Begin by checking Caitlin's working thesis. If she messed up,
you need to get Caitlin to identify why she had difficulty.
Say something like, "It looks as if you had some difficulty
making this thesis builder work. Let's see if we can figure out
how to make it work for you. What was the very first thing you
did?"
Try to get Caitlin to explain what she did and the order
in which she did the tasks.
Ask Caitlin to explain why she did that particular thing.
You may want to have her show you where she put information or
the step in a set of directions she was following. Sometimes a
student has simply misheard or misread something.
Listen for explanations that don't make sense if the student
understand the terms correctly. Inability to get things in the
correct place or correct sequence if students correctly understand
the terms could indicate a true learning disability.
Check student's learning procedures
If Caitlin's understanding of the strategy seems sound, check
to see if she has some bigger problems. From observing a student,
you probably have an inkling of likely problem areas. You might
ask questions like these:
-
Did you allow enough time to use the thesis
builder?
-
Did you spend too much time trying to make one assertion
sound good?
-
Did get busy thinking about something else and forget
about building thesis statement?
-
Do you think you made enough trial thesis statements
to come up with a good one?
- Did you get frustrated or angry with yourself when
you couldn't get a good thesis right away?

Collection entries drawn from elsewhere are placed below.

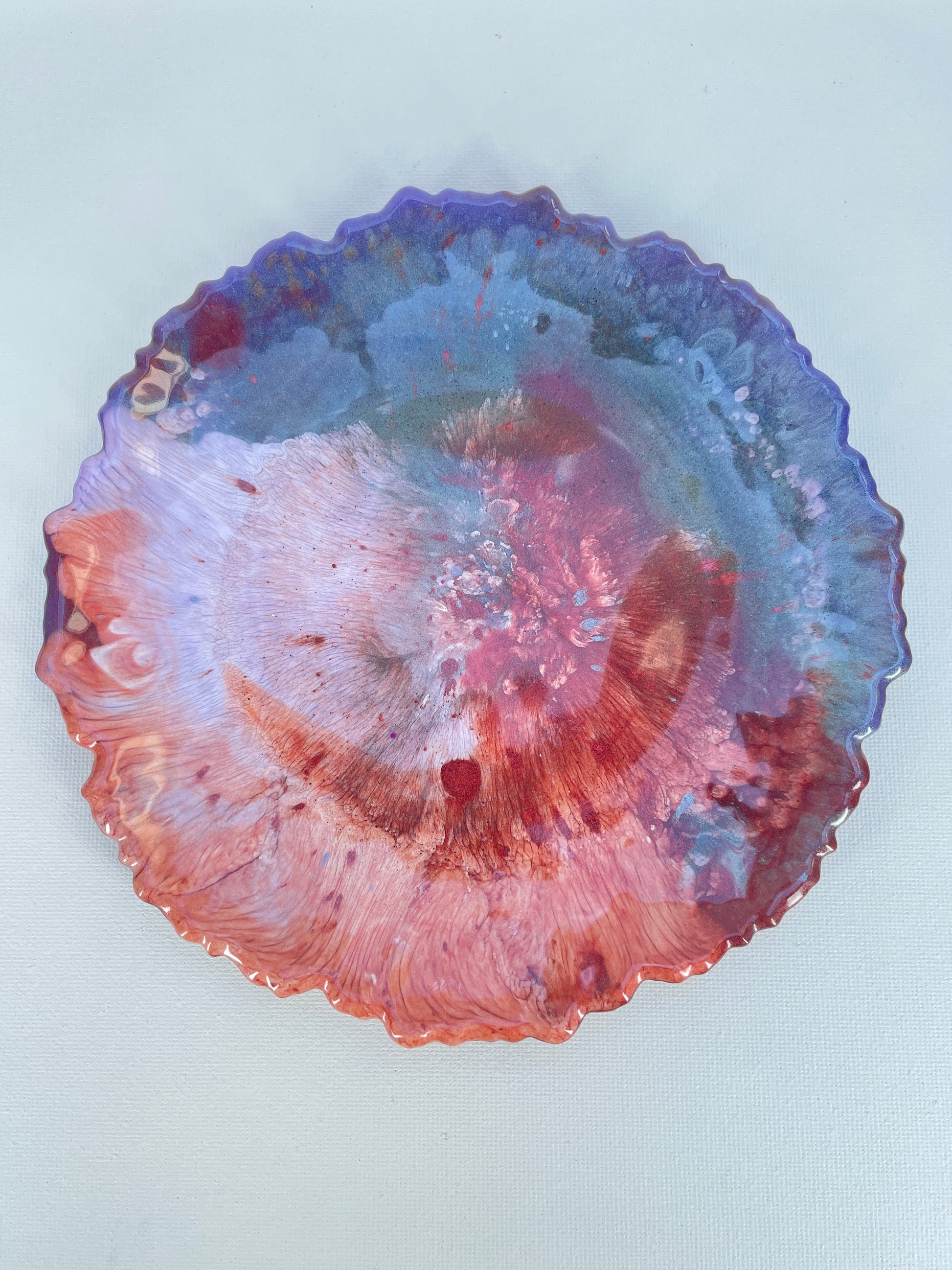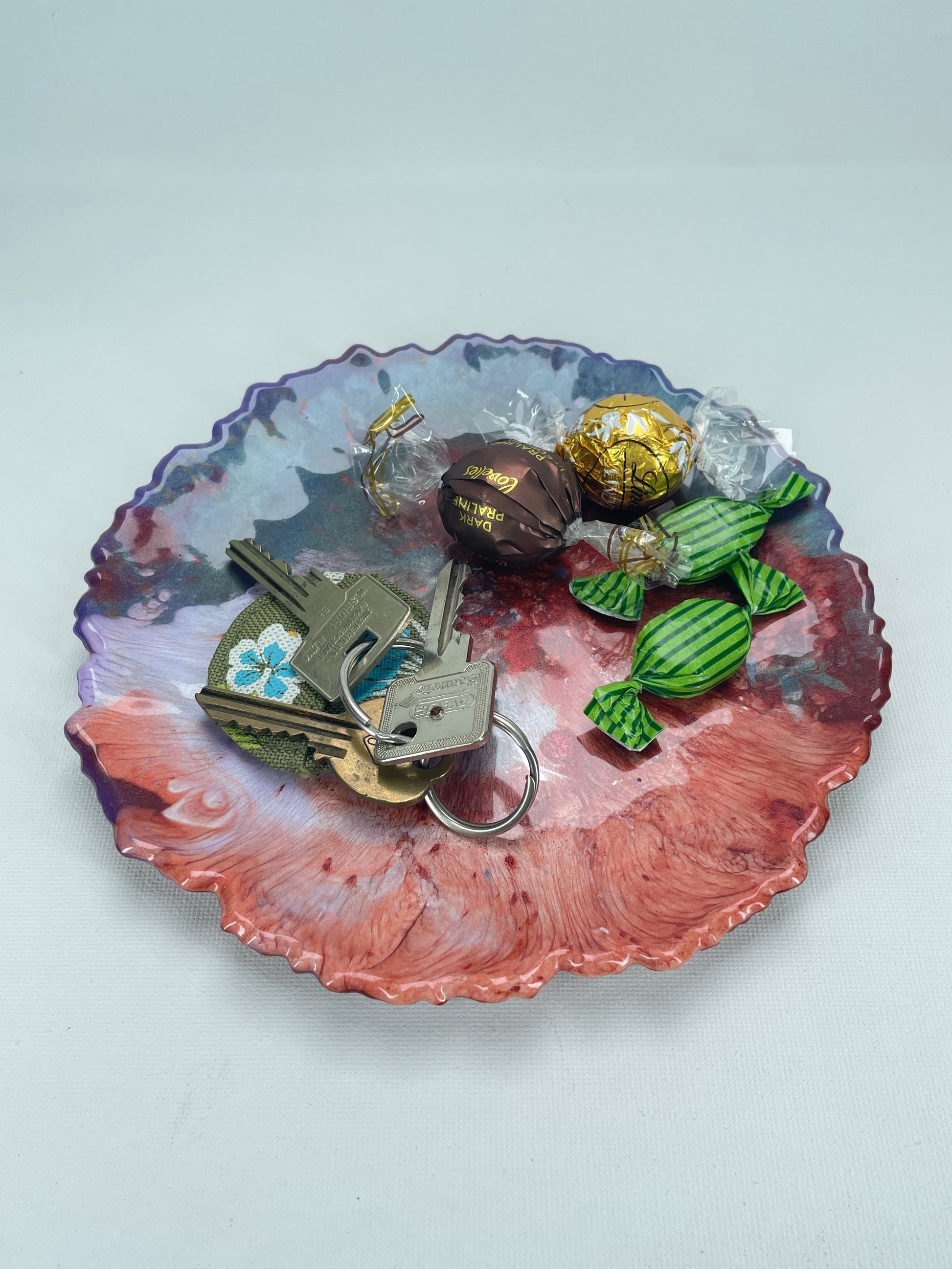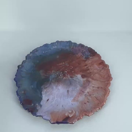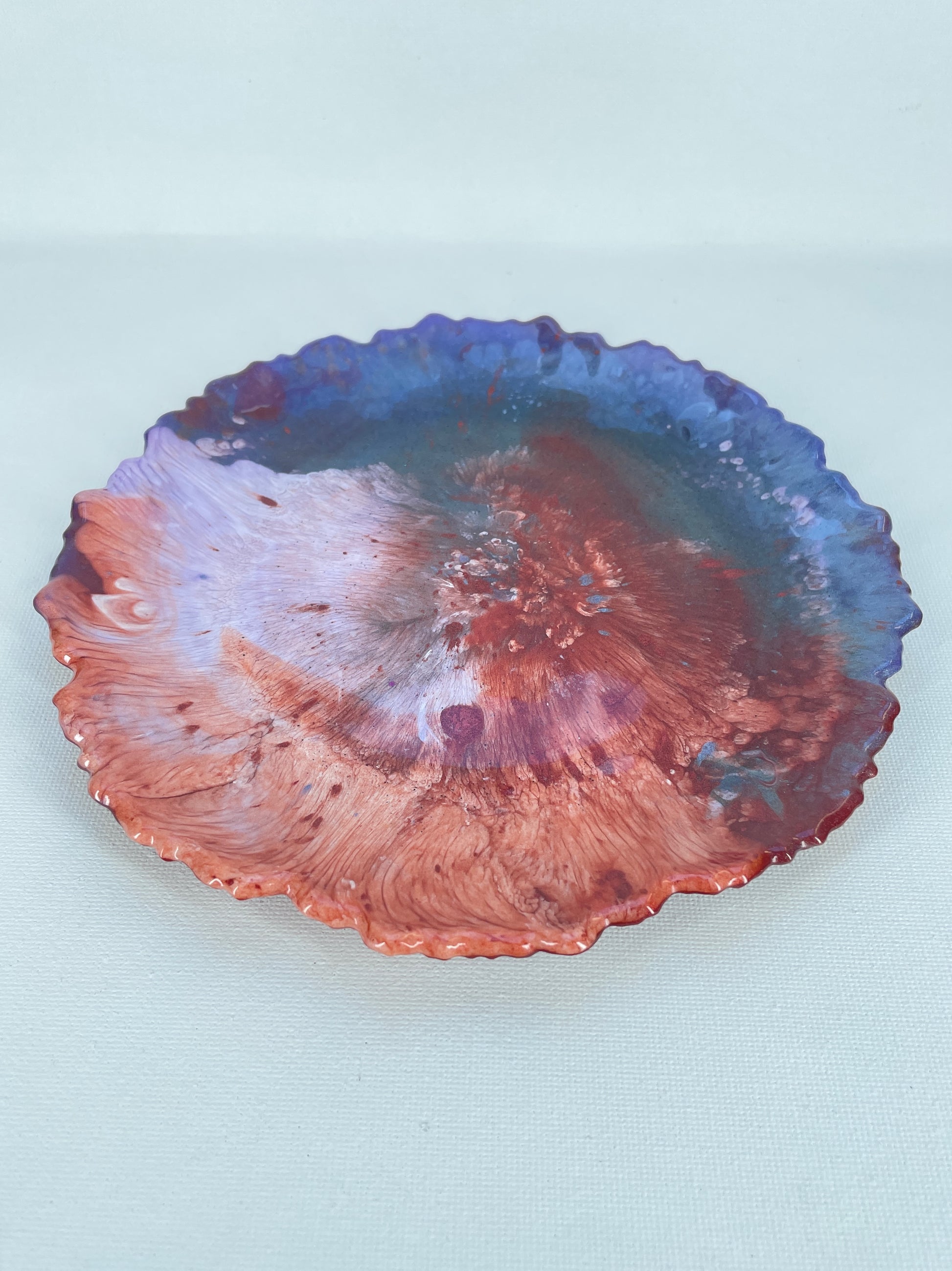 Dieser elegante und luxuriöse Teller aus hochwertigem, deutschem Epoxidharz ist ein handgefertigtes Einzelstück, die durch ihre einzigartige Farbgebung und glänzende Oberfläche besticht. Jedes Exemplar wird mit großer Sorgfalt und Liebe zum Detail gegossen und bietet ein außergewöhnliches Design für Ihr Zuhause.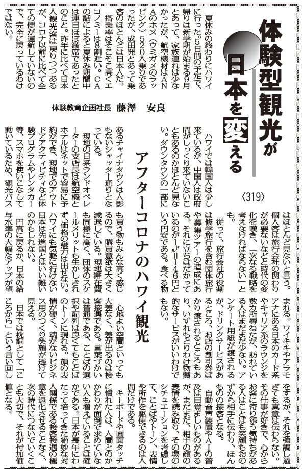 現地の日系ランドオペレーターの支店長は航空機とホテルはネットで容易に予約ができ、現地でのアウトドアアクティビティなど体験プログラムやレンタカー等、スマホを使いこなして動いているため、観光バスはほとんど見ないと言う。個人客は旅行会社の関わりが必要ないなどと時代の変化を嘆き、「次なる戦略を考えなければならない」とも。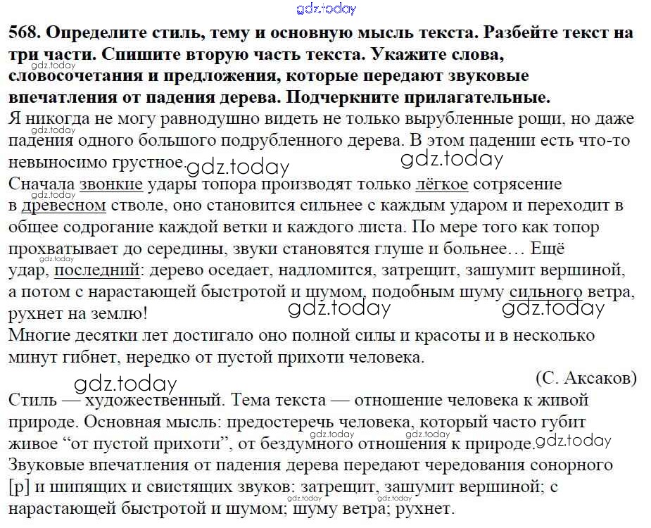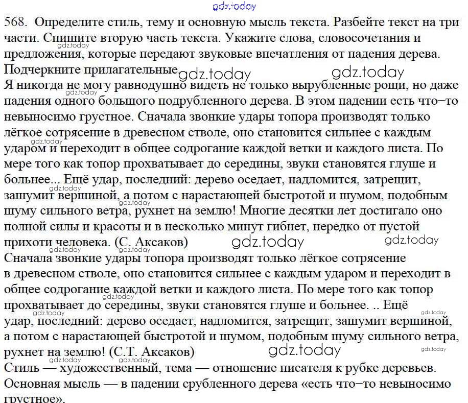 Ответы к Часть 2. Решение к упражнениям 568 Учебнику по Русскому языку для 5 класса Баранов, Ладыженская Просвещение, Просвещение 2016, 2019

Such questions reveal problem areas that are not restricted to
writing, such as time management, inattention, and a low frustration
tolerance level.
If Caitlin indicates something might have been a problem, follow
up with questions to get her to find one or two possible ways
to prevent the problem in the future. It's unlikely that you'll
solve Caitlin's problem this way, but it is at least a starting
place.
If you see a couple students have the same general learning problems
(difficulty handling frustration, for example, or procrastination),
you should build some positive
self talk for dealing with those issues into scripts you model
in response to writing problems.
You are probably thinking that this sounds more like a student-teacher
conference than student self- assessment. You are right.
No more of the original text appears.